ARS | Publication request: DISRUPTION OF THE GLYCINE CLEAVAGE SYSTEM ENABLES SINORHIZOBIUM FREDII USDA257 TO NODULATE AGRONOMICLY IMPROVED SOYBEAN CULTIVARS

Submitted to: Meeting Abstract
Publication Type: Abstract Only
Publication Acceptance Date: March 6, 2000
Publication Date: N/A

Technical Abstract: The symbiosis between Sinorhizobium fredii USDA257 and soybean [Glycine max (L.) Merr.] exhibits a high degree of cultivar specificity. Sinorhizobium fredii USDA257 nodulates 'primitive' soybean but fails to nodulate the improved cultivar McCall. The present work provides evidence for the involvement of a novel genetic locus in controlling cultivar specificity. The new locus was identified in S. fredii USDA257 by Tn5 transposon mutagenesis followed by nodulation screening on different hosts. Sinorhizobium fredii USDA257GCV is a Tn5 mutant that nodulates the soybean cultivar McCall. Southern hybridization analysis demonstrated that the new genetic locus was not located in the region corresponding to the previously identified plasmid-borne cultivar specificity, no1XWBTUV operon. The DNA sequence of the cloned region tagged by the Tn5 insertion displayed three open-reading frames (ORFs) with high degrees of identity to the gcv operon in Escherichia coli and other organisms. In E. coli the gcv operon encodes three proteins with apparent molecular masses of 39 kD (T-protein), 17.3 kD (H-protein), and 90 kD (P-protein).
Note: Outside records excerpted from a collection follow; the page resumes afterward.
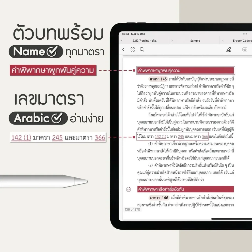 ประมวลกฎหมายฉบับ EBOOK พร้อมระบบ Advanced Hyperlink ใช้งานใน iPad/Tablet/โทรศัพท์/คอมพิวเตอร์
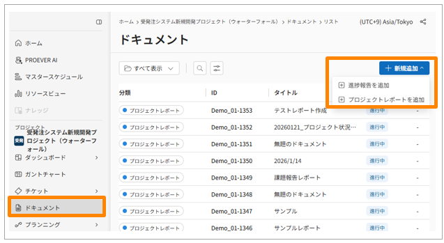 - [新規追加]>[進捗報告を追加]をクリックします。
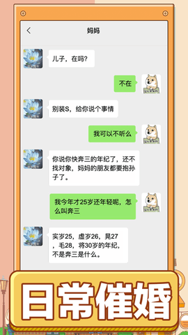 男人的反击是一款休闲类的娱乐游戏,游戏以简约风格打造了一个趣味十足的模拟玩法,包括趣味搞怪聊天、餐饮、催婚、车房等元素,深深的吸引着玩家,玩家需要开动自己的脑筋,才可以赢得这场智慧的较量,场景多变,游戏吐艳非常搞笑,感兴趣的玩家快来学一学怎么应对吧!
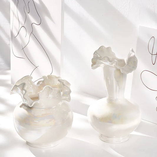 Vase Luxueux Design Raffiné Rond Col Ondulé Nacré
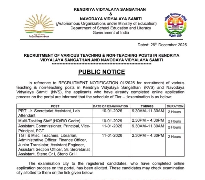 KVS & NVS 2025 Tier 1 Official Exam Schedule Notice जारी – UpdateMarts| PRIMARY KA MASTER | SHIKSHAMITRA | Basic Shiksha News
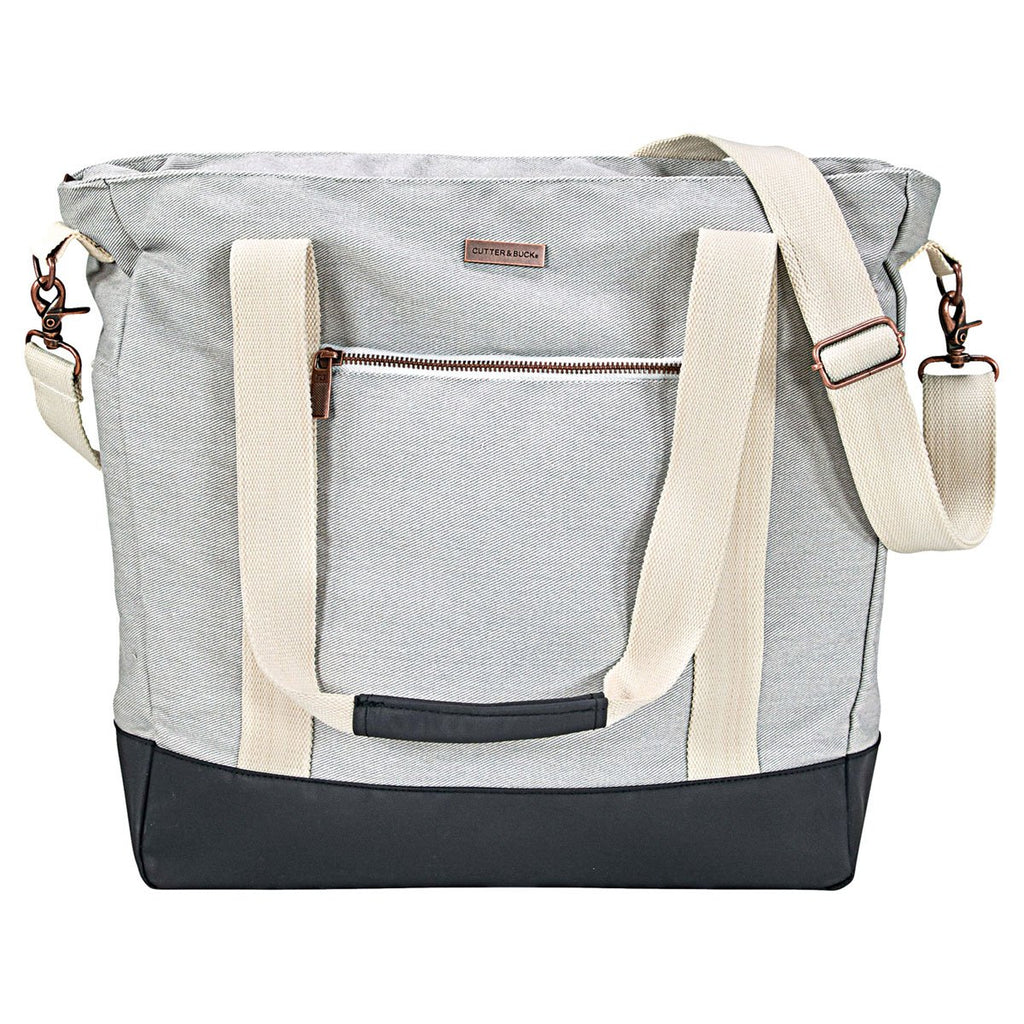 The Cutter & Buck Grey Cotton Computer Tote includes a padded sleeve for securing a laptop on the inside. The design of the tote is comfortable with comfortable padded handles and a sturdy shoulder strap. The tote is helpful for workers on the go. The custom logo space on the side lets people in an airport or any other spot one might travel out to know about your business.
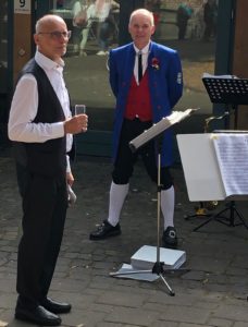 Nach der Messe mit Dankesreden und Übergabe von Geschenken gab es vor der Kirche einen Sektempfang. Dazu spielte unser Blasorchester in großer Besetzung unter Leitung von Gerd Außem und verabschiedete sich mit zünftiger Blasmusik. Da freute sich Pfarrer Müller, der bereits in Wesseling und Brühl Messen gelesen hat, und im Anschluss bereits einen nächsten Termin hatte: eine Taufe.

The ORF disrupted by the Tn5 transposon in S. fredii USDA257GCV codes for the aminomethyltransferase precursor (T-protein). Use of SDS/PAGE with in vivo **35S-methionine labeled proteins showed that the mutant lacks a polypeptide corresponding to the molecular mass of the P-protein (90 kDa). A cosmid containing a wild-type gcv region was mobilized into the mutant background causing restoration of P-protein synthesis. Currently, we are determining the role of the gcv operon in cultivar-specific nodulation of S. fredii USDA257.